Extension of repeat-containing sequences

cDNA fragments ligated to adapters were first linearly amplified using 0.7 µM specific repeat-anchoring primer (R-An primer, Fig. 1), made of the following modules: the universal sequence (US) (5′-CTAATACGACTCACTATAGGGCGC-3′) followed by the arbitrary repeat-anchoring trinucleotide (RAT) and the 6 nt repeat-specific sequence (RSS). The reaction was carried out for 3 min at 95°C, for five cycles of 30 s at 94°C and for 2 min at either 42°C in the case of (A)6-R-An primers or 47°C in the case of (G)6-R-An primers, in a reaction buffer containing 1× PCR buffer minus Mg (Invitrogen), 1 mM MgCl2, 0.2 mM dNTPs, 0.1 µCi/µl [33P]dCTP (Amersham-Biosciences, Freiburg, Germany) and 0.05 U/µl Platinum Taq DNA polymerase (Invitrogen).

Figure 1.

Figure 1

Description of the ARTS procedure and expected results. (A) Schematic flowchart representation of the procedure for obtaining ARTS products from a total transcriptome. As a first step, mRNAs are purified, reverse transcribed and converted into ds-cDNAs. The ds-cDNA population is then digested with a restriction endonuclease (NlaIII) that is expected to cleave most reverse transcripts at least once, generating 200–500 bp long ds-cDNA fragments. The fragments are subsequently ligated to an adapter (Ad), here indicated as ARTS-Ad. To specifically enrich for repeat-containing sequences, linear amplification is performed using a repeat-anchoring primer (R-An primer), designed as described in (B).

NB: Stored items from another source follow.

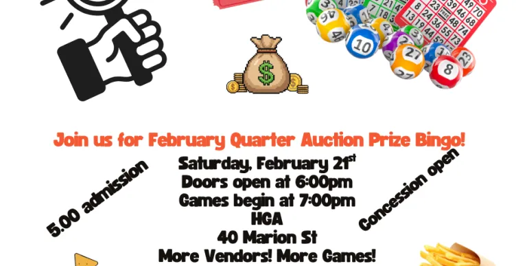 Join us for a night of fun! Only 5.00 admission gets you an Auction Paddle, Bingo Card & Prize Draw ticket. Bring a friend that has never been and you each will recieve a FREE prize draw ticket! Fun for the whole family! Kids are welcome with an adult!
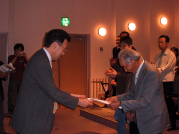 【宮原学長(左)から厚岸マイスター認定証を受け取る受講者たち】
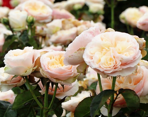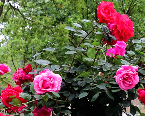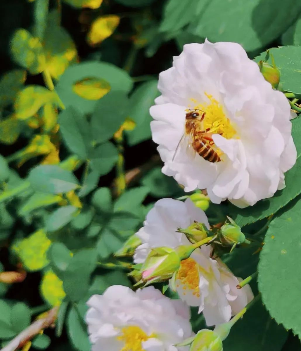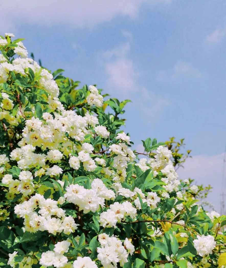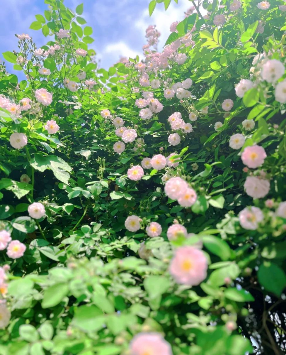月季、蔷薇、鸢尾、喷雪花悄悄绽放
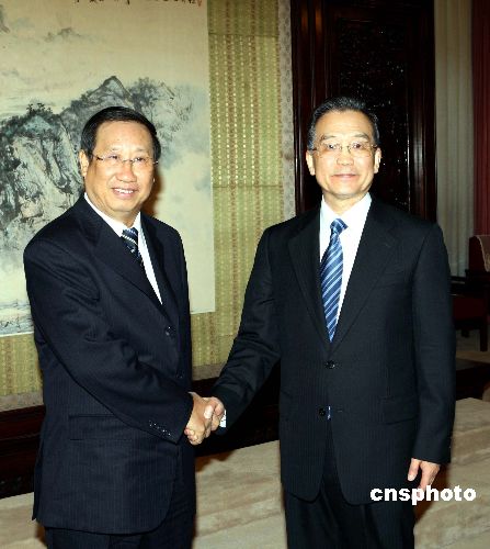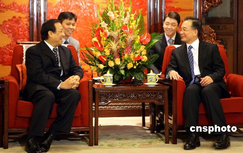 一月二十二日,中國總理溫家寶在北京會見來華出席中越雙邊合作指導(dǎo)委員會第二次會議的越南副總理兼外長范家謙。中新社發(fā) 任海霞 攝
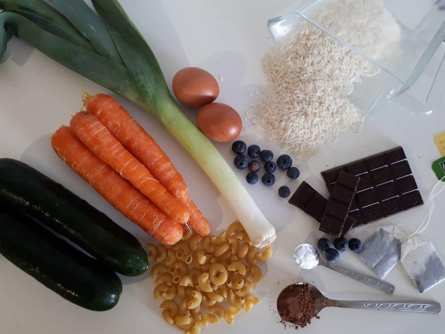 Če ju doleti driska oziroma diareja, prav tako najprej povečam vnos tekočine. Voda je v obeh primerih zelo pomembna, saj zadostna hidracija spodbuja prebavo in poskrbi, da ne pride do izsušitve, elektrolite pa nadomeščamo z glukozo in elektrolitskimi praški. Pri prebavi ima poleg tekočine najpomembnejšo vlogo hrana in v takšnih trenutkih se spomnim na jedi, ki mi jih je, ko sem imela prebavne težave, kot otroku kuhala mama: prežganka – juha z jajcem in kumino, na vodi kuhan riž, korenčkova juha z zdrobom in jajcem, kuhan krompir, kuhana zelenjava, naribana postana jabolka, suhe kuhane testenine, prepečenec, krekerji, slane palčke, banane in temna čokolada. Prav zadnja je otrokom vedno najljubša – najprej dve žlici juhe, dve žlici riža in nato dve vrstici čokolade – ker pač morata. Včasih jima ponudim tudi oglje, a jima ni simpatično, čeprav sploh nima napačnega okusa.
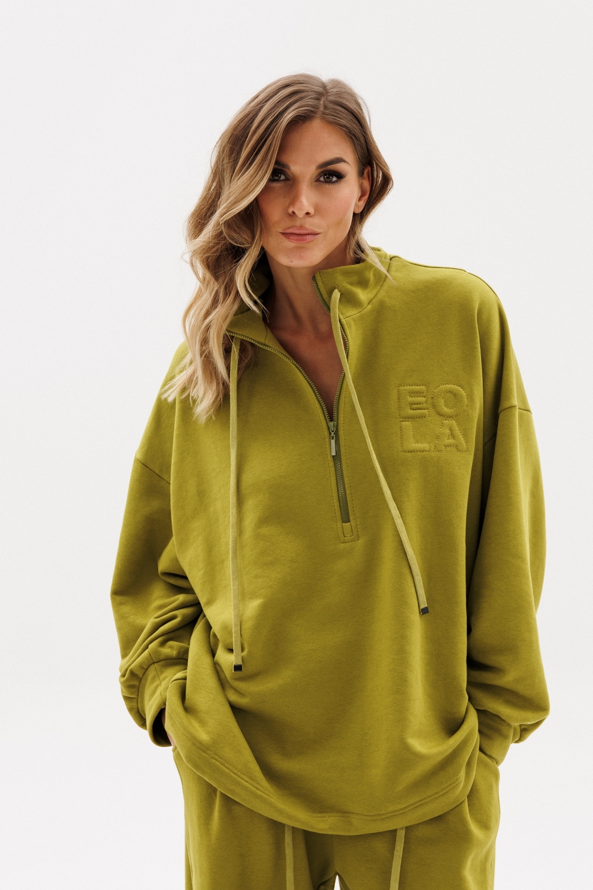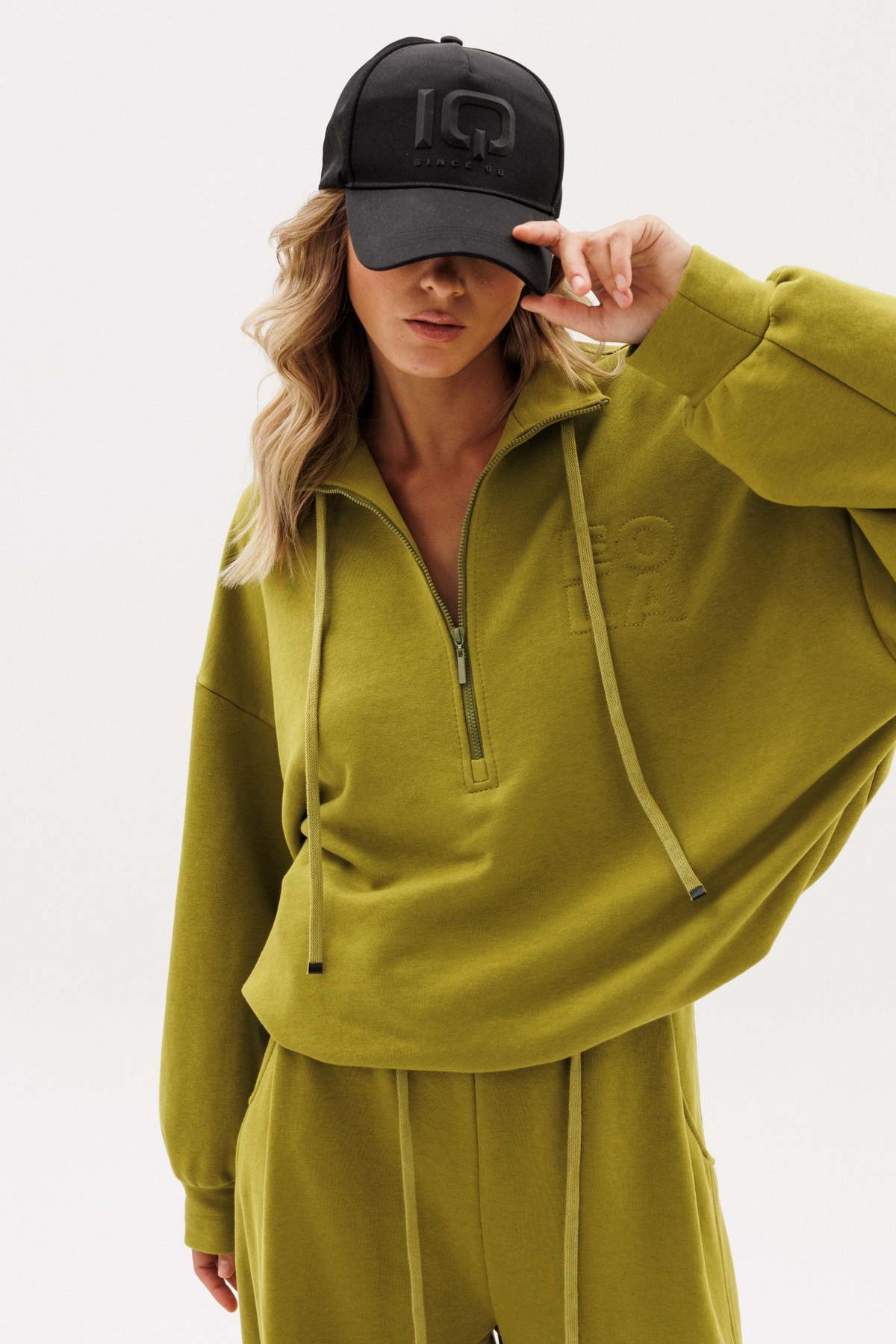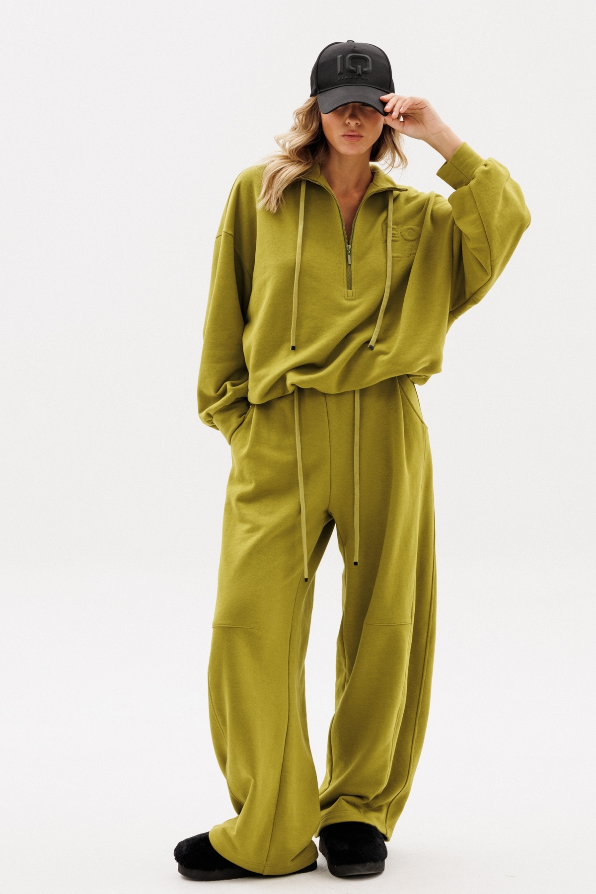 Комплект: джемпер+брюки. Комплект выполнен из трикотажного полотна. Джемпер прямого силуэта, покроя "oversize" длиной до линии бедер. Спереди застежка на молнию. Воротник-стойка. Плечевой шов удлинен. Рукав рубашечного покроя, одношовный, расширенный и присборенный к низу. Низ рукава на притачной манжете. Низ джемпера на эластичной тесьме с фиксаторами. Джемпер декорирован вышивкой по переду. Брюки прямого силуэта, длиной в пол, на притачном поясе с эластичной тесьмой. Спереди боковые карманы с фигурным входом, петли в поясе, в которые втянут шнур из основной ткани, коленные вытачки, складки. Сзади справа накладной карман.
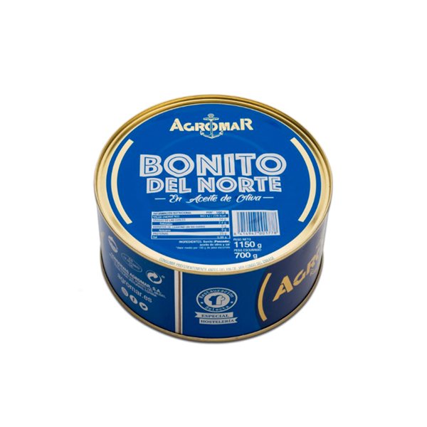 White tuna in extra virgin olive oil in glass jar, prepared with fresh loins without freezing. The tuna fish come from pole and line fishing and from MSC certified fisheries.
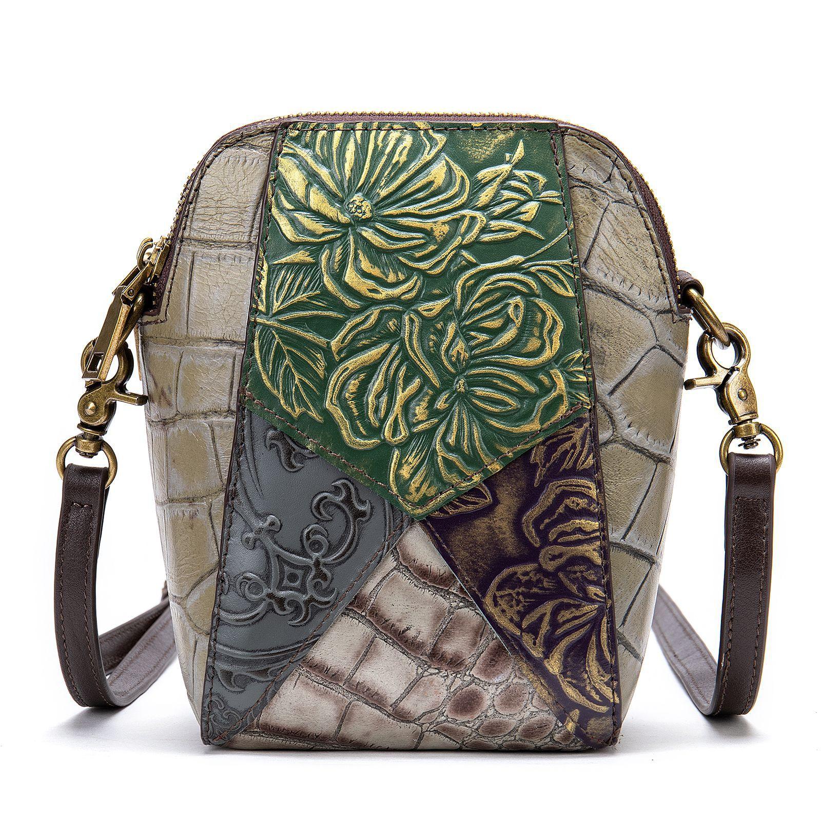 Сумка для мобильного телефона в этническом стиле в стиле ретро, мини-сумка-косметичка из коровьей кожи, женская сумка через плечо из натуральной кожи
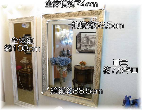 ![]() 【送料無料!】★超激安販売★新品・大型アンティーク調シンプルデザイン姿見鏡 額のデザインは画像で見るより重量感&立体感がありおしゃれでとてもよい作品と思います ミラー部分は、面取加工で厚み5mmのカットガラスになっており歪み等無く上品に仕上がっております 額の色目はアイボリーベースでシャンパンゴールドのペイントを彫刻部分に施した とてもシンプルなデザインです 背面に吊金具が付いており壁掛けでの使用可能です サイズは縦約103cm(鏡部分88.5cm)横約74cm(鏡部分58.5cm)厚み約3.5cm・重量約7.5キロです ![]() | |
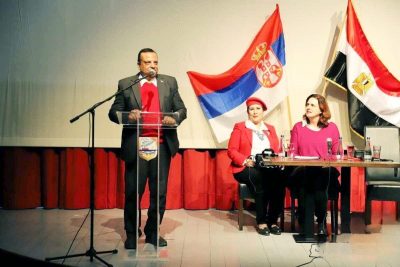 كرم السيد ” نيبويشا ميلياناك “، رئيس بلدية سيتشانى ببلجراد دولة مصر بعد رفع علمها في دار الثقافة في احتفالية توقيع كتاب ( سفير الفن ) للفنان والناقد أ.د. عادل عبد الرحمن وكيل التشكيليين ورئيس قطاع الفنون التشكيلية السابق بوزراة الثقافة وعضو المجلس الأعلى للثقافة سابقا ،في حضور وفد رفيع المستوى من منسوبى السفارة المصرية ببلجراد، ترأسه ” السفير إبراهيم حمزة ” نائب رئيس البعثة المصرية، ازدانت مدينة بلجراد الصربية بالأعلام المصرية التي رفعت إلى جانب الأعلام الصربية في أكبر مسارحها بدار الثقافة في بلدية ” سيتشانى “ Sečanj.
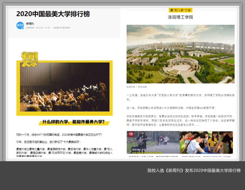12月25日,新周刊发布2020中国最美大学排行榜,美高梅娱乐场 获选年度最“别人家”大学。
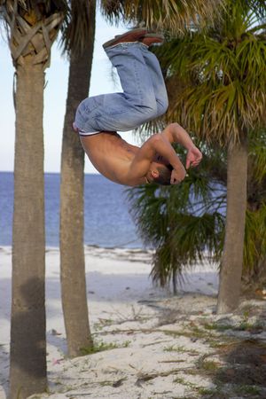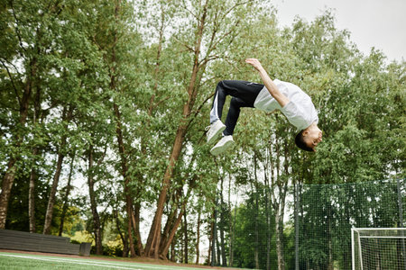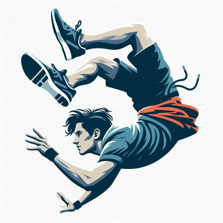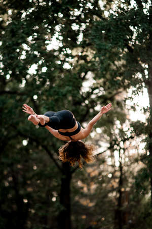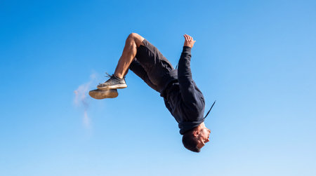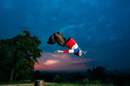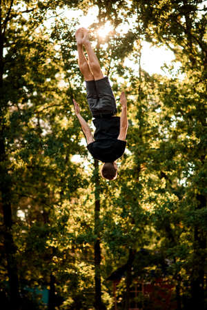 Latino man dressed in urban clothing doing a somersault in the air. He takes in the air of a young Hispanic man doing parkour. Latin boy in a park doing gymnastics. Hispanic man in an acrobatic pose.
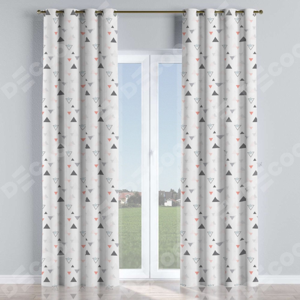 Комплект прямых штор, от производителя «Cortin», пошиты из ткани блэкаут с нанесением сублимационной печати «Дождь из треугольников». Данная модель пошита на люверсах, комплектуется на выбор круглым карнизом и подходит для монтажа на стену или потолок. Прямые шторы на люверсах шьются по стандарту с коэффициентом 1/2 (на 100 см. ширины проёма 200 см. ширины ткани), отличительным преимуществом данной модели является простой способ монтажа. Достаточно повесить ее на трубу и штора готова!
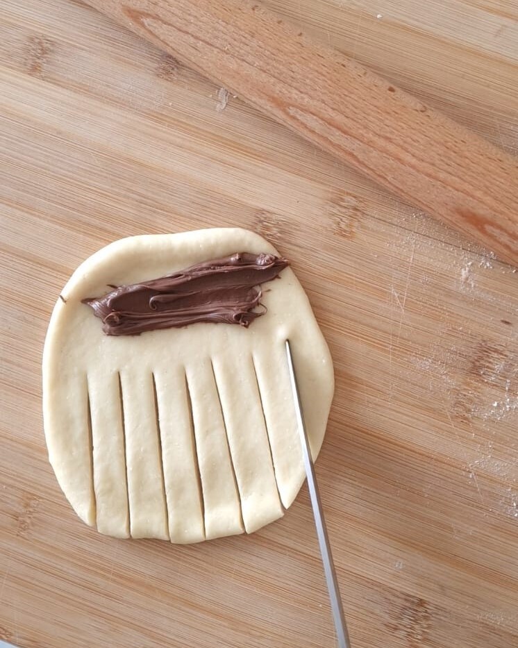 Após o tempo necessário, divida a massa em 9 partes, estenda com o rolo e recheie com Nutella, com uma faca faça cortes verticais.
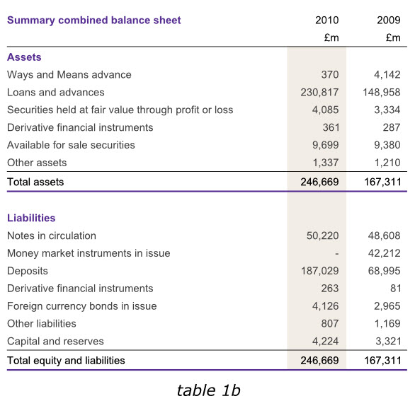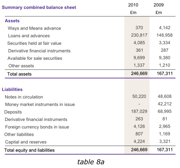 下面的英格蘭銀行2010年年報(bào)的一組信息被分成了兩個(gè)表格,但仍然體現(xiàn)為一個(gè)整體。紫色的表頭清晰的給出了標(biāo)題,標(biāo)題行僅用了一次表頭(2009、2010)和單位(英鎊)。兩個(gè)表格采用同種顏色加粗的字體作為標(biāo)題,清晰而相互獨(dú)立。兩表各自的最后一行也采用了同樣顏色的下劃線。
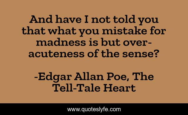 This page presents the quote "And have I not told you that what you mistake for madness is but over-acuteness of the sense?". Author of this quote is Edgar Allan Poe, The Tell-Tale Heart. This quote is about intelligence, madness,.
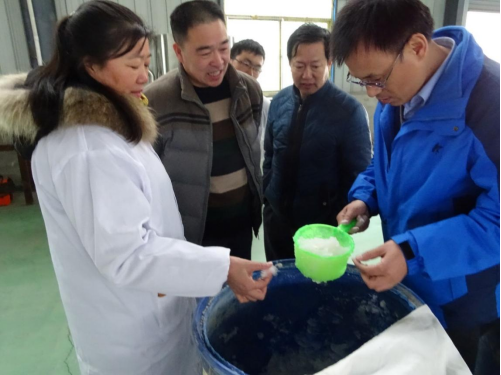 指导老师对实验品进行讨论分析
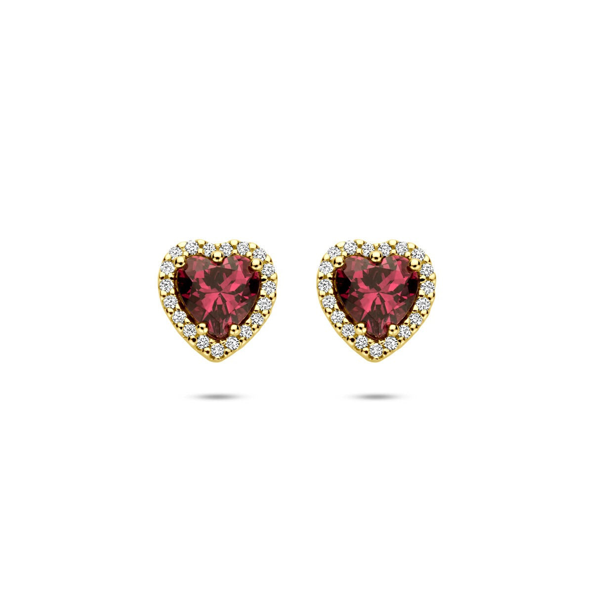 14k Geelgouden oorknoppen met Rhodoliet hartje en diamant – 0.10ct

Five linear amplification cycles are performed so that the anchoring (RAT) and repeat-specific (RSS) parts of the R-An primer are both required to achieve specific annealing. After the enrichment step, repeat-containing sequences are PCR amplified at high stringency using the same R-An primer and the ARTS-Ad primer, the latter specifically designed to avoid adapter–adapter amplification. (B) Design of the repeat-anchoring (R-An) primer. The R-An primer is composed of three modules, in 5′→3′ order: (i) a universal sequence (US), common to all R-An primers, which increases the efficiency of the final PCR amplification step; (ii) an arbitrary repeat-anchoring trinucleotide (RAT), which not only prevents slippage, but also defines the three bases immediately 5′ to the repeat being located at the 5′ end; (iii) a repeat-specific sequence (RSS), which contains the repeat to be explored. (C) Graphical representation of the expected ARTS products and their migration in PAGE, highlighting the differences between a PCR product containing a wild-type repeat or its longer and shorter versions, deriving from insertions and deletions, respectively. Due to the fact that the R-An primer is anchored 5′ of the repeat, the size of the ARTS product will be directly dependent on the repeat length.

PCR step

The linearly amplified cDNA products were exponentially amplified with 0.7 µM specific R-An primer and 0.7 µM Ad primer in the same reaction buffer used for the linear extension, containing [33P]dCTP (see above). The amplification was carried out as follows: 3 min at 95°C; five cycles of 30 s at 94°C, 1 min at either 42 or 47°C [in the case of either (A)6-R-An primers or (G)6-R-An primers, respectively] and 1 min at 72°C; 30 cycles of 30 s at 94°C, 30 s at either 50 or 55°C [in the case of either (A)6-R-An primers or (G)6-R-An primers, respectively] and 1 min at 72°C. The final elongation was carried out for 30 min at 72°C.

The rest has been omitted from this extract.